QUOTE (dburt @ May 5 2008, 12:38 AM)
I hope this explanation helps.
-- HDP Don
Thanks! That helped muchly!
I guess the more basic question (sorry again!) is why martian basalts are necessarily of high pH? (more basic)
Please correct me if I'm wrong, but I'm assuming it is the metal oxides [CaO, MgO, and Na2O, Fe, Al and their buddies] in basalt, that on dissolution/exposure to water form metal hydroxides and suck up protons from the (minimally buffered) aqueous solution. By definition: lower proton concentration = lower pH.
A fairly recent abstract [Hurowitz et al. LPSC (2005) Abstract 2025. Experimental basalt alteration at low pH: implication for weathering relationships on Mars.
) mentions that the weathering relationships on Mars under low pH (high acid) conditions cause a different set of alterations. According to the abstract. At "neutral pH" (pH 5-8) alkali metals (Na, K, Ca, Mg) are leached out and leave behind Fe(III) and Al. At acid pH (pH 1-4), oxidation to Fe(III) is inhibited and Al is much more soluble than at neutral pH.
[Al(OH)3 is amophoteric - it dissolves better in basic or acid media than in neutral media due to the formation of different species at either acid or basic pH. In the chemical laboratory, aquous aluminum salt workups can make some nasty emulsions. (Hint: acidify your AlCl3 workups with with phosphoric acid)]

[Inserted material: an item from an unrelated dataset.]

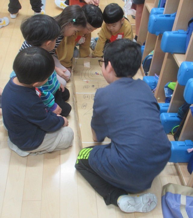 こま、けん玉、だるま落とし、カルタ、メンコ、お手玉など10種類の昔遊びのコーナーがあり、小学生から遊び方やコツなどを優しく教えてもらいました。園児たちは、「もう少しで出来そうだった」「けん玉が楽しかった」など笑顔いっぱいの交流となり、小学生への憧れや親しみをもつことができました。

[More trivia: iron salts are less available to plants at neutral or basic pH. Certain plants that lack efficient siderophores (iron-chelating enzymes responsible for fetching this nutrient to cells), like blueberries, need a more acid soil to be able to thrive. This is why most blueberry plants do better at soil pH's in the range 4.5 - 4.8.]
The rock weathering pattern is pH dependent. Earth rock weathering patterns are generally consistent with neutral pH weathering. According to the abstract, the Mars surface rocks seem consistent with low pH surface weathering. By comparing the interior of Adirondack (and Humphery, too) rock at Gusev with it's (weathered) exterior, it appears as if olivine has been "dissolved" away from the outer layer of Adirondack.
Their concluding sentence: "Martian rocks and
soils do not mimic the weathering trends produced by
basalt alteration on Earth, indicating they have not
been altered by interaction with large volumes of moderate
pH rainfall or groundwater."
So it appears that any surface and near surface waters (if they were present) and the groundwater traveled in different circles.